Bispo de Setúbal presidiu à Eucaristia do Jubileu dos Migrantes na diocese, no Santuário de Cristo Rei, e pediu que quem chega ao país não seja utilizado como uma «bola de pingue-pongue» nos «debates político-partidários»

Almada, 28 set 2025 (Ecclesia) – O cardeal D. Américo Aguiar afirmou hoje, no Santuário de Cristo Rei, em Almada, que espera que a nova lei dos estrangeiros não seja alheia ao facto de Portugal estar historicamente ligado aos movimentos migratórios.
“Nós próprios temos uma marca profunda de procura no estrangeiro, ao longo dos séculos, de melhores condições de vida, de sonhos, de projetos, de realização de família. E, portanto, acho que esta legislação não deve esquecer essa carga histórica, essa herança histórica que significa Portugal no melhor que a gente possa definir”, referiu o bispo de Setúbal.
Setúbal celebrou hoje o Jubileu Diocesano dos Migrantes, no âmbito das celebrações dos 50 anos da diocese, com um programa que incluiu uma Eucaristia presidida por D. Américo Aguiar, no pavilhão do Santuário do Cristo Rei.
Em declarações aos jornalistas no final da Missa, o cardeal foi questionado sobre a nova versão da lei dos estrangeiros, apresentada na passada quarta-feira, expressando que deseja “sempre que qualquer processo legislativo, no fim, seja bom para as pessoas, seja bom para Portugal e para os portugueses”.
“O processo legislativo é muito elástico. E nós temos que fazer sempre um esforço para que, ao longo do tempo, vá melhorando naquilo que é a marca humanizante da legislação”, realçou.
Olhando para a diversidade de culturas presente no território diocesano, o bispo de Setúbal sublinhou que a “questão dos migrantes nunca foi um problema” em Setúbal, mas “uma oportunidade de aproximação”, de conhecimento, de amar e respeitar o outro.
“Não é propriamente qualquer coisa que nos deva atormentar. O que deve atormentar, sim, é a porventura à dificuldade pessoal, que eu possa ter ou não, de olhar para o outro e reconhecê-lo como irmão”, assinalou.
D. Américo Aguiar alertou para a exploração que os migrantes acabam por ser alvo, defendendo que são necessárias regras que signifiquem” maior respeito por aqueles que vêm” ao encontro de Portugal.
“Se fosse viável, se fosse possível, [receber] todos [os migrantes], sem qualquer tipo de constrangimento, era bonito e era simpático, mas isso não é verdade, não é possível”, indicou.
O cardeal considera que Portugal e restantes países da Europa e do mundo devem olhar para o movimento migrante como “uma oportunidade, com carinho, com amor, com reciprocidade e não como um problema”.
E muito menos, como acontece nos tempos que vivemos, como uma bola de pingue-pongue naquilo que são os debates político-partidários que não ajudam a encaixar nem a refletir livremente o assunto, porque depois fica refém ou da direita ou da esquerda ou de radicalismos.

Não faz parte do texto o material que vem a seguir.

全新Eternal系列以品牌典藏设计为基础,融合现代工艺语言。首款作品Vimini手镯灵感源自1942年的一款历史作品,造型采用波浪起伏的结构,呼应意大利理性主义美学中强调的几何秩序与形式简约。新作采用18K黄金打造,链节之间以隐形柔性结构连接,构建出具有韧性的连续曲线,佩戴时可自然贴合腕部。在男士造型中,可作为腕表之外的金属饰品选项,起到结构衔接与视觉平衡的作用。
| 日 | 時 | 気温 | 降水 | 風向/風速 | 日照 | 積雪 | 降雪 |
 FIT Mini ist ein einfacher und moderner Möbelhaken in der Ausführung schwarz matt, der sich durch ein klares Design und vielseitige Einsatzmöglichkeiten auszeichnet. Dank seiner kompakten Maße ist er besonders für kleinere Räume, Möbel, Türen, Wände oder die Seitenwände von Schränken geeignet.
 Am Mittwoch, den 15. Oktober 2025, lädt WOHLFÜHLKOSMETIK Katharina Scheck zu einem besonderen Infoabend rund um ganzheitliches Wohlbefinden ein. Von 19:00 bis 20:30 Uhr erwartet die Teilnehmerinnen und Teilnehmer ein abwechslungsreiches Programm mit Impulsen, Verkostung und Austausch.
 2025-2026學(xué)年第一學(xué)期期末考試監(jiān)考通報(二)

Isso não resolve o problema de ninguém”, vincou.
Com a aproximação das eleições autárquicas, marcadas para 12 de outubro, o bispo de Setúbal apela aos candidatos que tenham sempre em conta que migrantes são pessoas e não números, estatísticas, etnias ou raças.

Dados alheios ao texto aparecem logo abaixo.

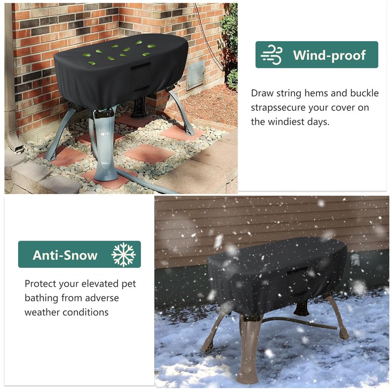 • 【Stury dog washing station cover】-Our dog bath cover is made of heavy duty 600D oxford fabric with waterproof coating,which is waterproof,UV-resistant,tear-resistant,etc.It can withstand bad weather conditions,make elevated elevated pet bathing always look like new.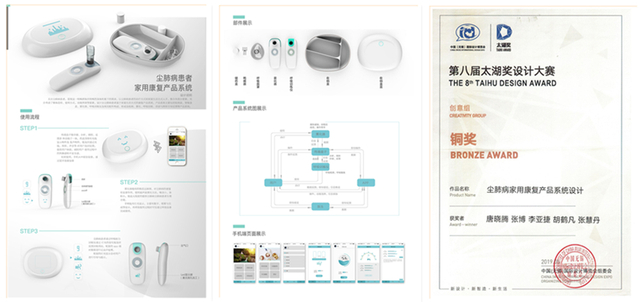 3 | 尘肺病患者家庭康复产品系统设计 | 唐晓腾 (工业设计工程2017级硕士研究生) | 姚君 | 第八届太湖奖设计大赛 | 铜奖 |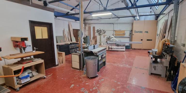 The workshop comprises a machine room, assembly room, drying room, loading bay, board storage, kitchen, toilets and a little outdoor space. In the assembly room there are 7 other makers who each have a similar space. The main rooms benefit from natural light and gas heating.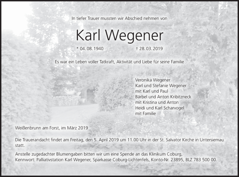 Hier finden Sie alle Traueranzeigen aus der Zeitung, die bisher für Karl Wegener erschienen sind. Weitere Traueranzeigen, die in der Zeitung erscheinen, werden hier ebenfalls aufgelistet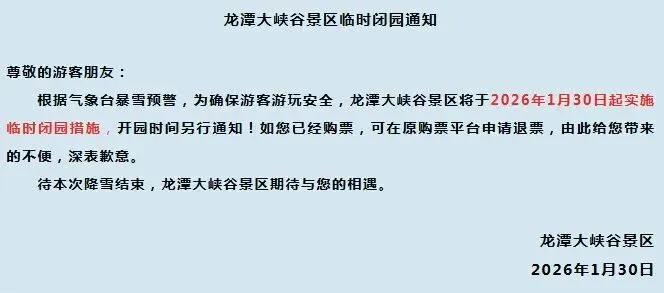 龙潭大峡谷景区 根据气象台暴雪预警,为确保游客游玩安全,龙潭大峡谷景区于2026年1月30日起实施临时闭园措施,开园时间另行通知。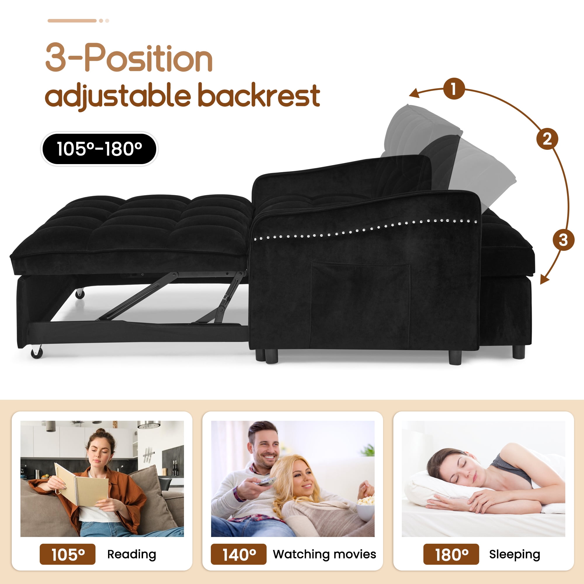 Comes with a pull-out bed that converts from a loveseat to a bed for napping or entertaining overnight guests Three-position adjustable backrest for different needs: 105° for reading, 140° for watching movies and 180° for sleeping Includes Usb and Type C charging ports for charging a variety of electronic devices conveniently Side pockets for storing your cell phone, earbuds, remote control and other daily necessities High-quality velvet fabric, soft and comfortable, not easy to pilling and wrinkles High rebound foam filled seat cushion and back cushion, not tired of sitting for a long time and not easy to be deformed Multi-scenario application, perfect for dormitories, apartments, offices and other small spaces Combination of wood and metal frame, strong support and durability Easy to assemble, comes with instructions and required tools and accessories Dinosisco Convertible Sleeper Loveseat for Apartment Material: Velvet Color: Beige/Gray/Black/Blue Product Size: Overall Size: 53″L x 36.5″W x 31″H Bed Size: 69″L x 45″W Seat Height: 17″ Seat Depth: 20″ Back Height: 16.5″ Weight Capacity: 250lbs/seat Product care: To clean the upholstery material, spot clean with a damp cloth and mild soap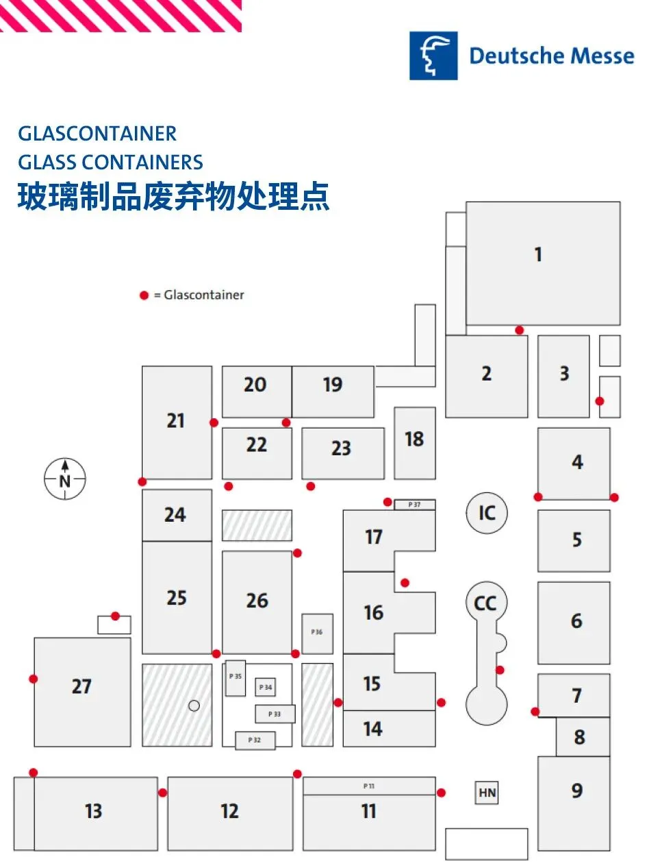 展馆周边设有专用标识的垃圾桶,用于收集少量此类特殊废弃物。您可前往展馆技术办公室查看特殊废弃物垃圾桶以及玻璃制品垃圾桶的具体分布位置。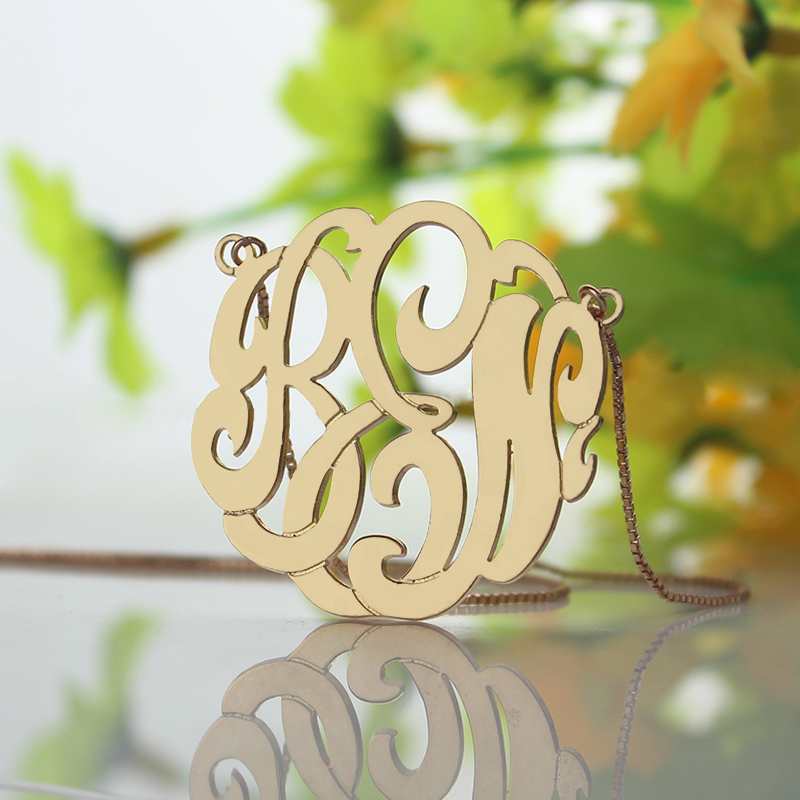 1. A monogram necklace is typically structured with the last name as the large initial in the center, first name initial on the left, and middle name initial on the right.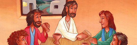 Dann nahm er ein Brot. Er dankte Gott dafür, brach es in Stücke und gab es ihnen mit den Worten: »Das ist mein Leib, der für euch hingegeben wird. Feiert dieses Mahl immer wieder und denkt daran, was ich für euch getan habe, sooft ihr dieses Brot esst!« Quelle: Lk 17,19
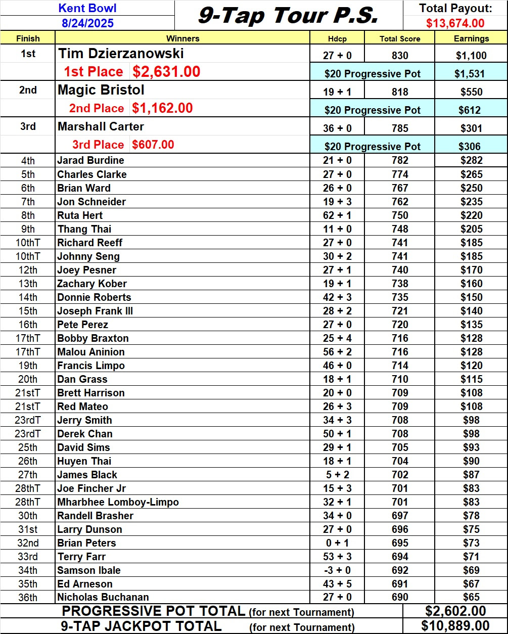 This Sunday, 9 Tap Tour was at Kent Bowl, only two bowlers managed to shoot higher than 785 and the rest of the Cash List scores were also on the light side. We suspect the NEW Air Conditioning System had an effect on the lane conditions, but the GOOD NEWS, it was definitely cooler than other Summer tourneys at Kent Bowl. The 9-Tap Jackpot was threatened a few times by Magic Bristol & Jon Schneider, with Jon also getting both the Front 6 of 7 and shot at #7 for the 7-Middle Taps (see pics). Ultimately, the Jackpot got off easy with two bowlers James Black & Marshall Carter, getting the Front-4 for $150.00 each.

“Estamos a falar de pessoas. E a partir daí tentarmos legislar com uma raiz judaico-cristã, cristã católica, humanizante, de maneira a tentarmos decidir aquilo que for o melhor para essas populações”, enfatizou.

A coordenadora do Secretariado da Pastoral das Migrações de Setúbal, Tânia Moreira, também participou na celebração e, aos jornalistas, deu conta que atualmente os principais desafios que os migrantes enfrentam no território são a o acesso à habitação e a documentação.
“Nós [Igreja] não temos, se calhar, a capacidade de resolver os problemas em si, mas temos muitos polos, tem alguns centros, tem algumas paróquias que conseguem orientar, encaminhar, muitas vezes esclarecer, ensinar e guiar o caminho”, explicou.
Sobre a relação entre a insegurança e os imigrantes, levantada por alguns grupos e políticos, Tânia Moreira realça que tal não responde à realidade e que Igreja tem o papel fundamental de mostrar que ao conhecer o próximo se está perante um irmão.
Nós não temos que ter medo das pessoas e temos que ter a capacidade de ir contra e de argumentar contra este discurso, dizendo que nós, a partir do momento que conhecemos o próximo, vemos que é um ser igual a nós. Podemos ter uma cor de pele diferente, os olhos diferentes, vestirmos de formas diferentes, mas no fundo somos todos iguais”, disse.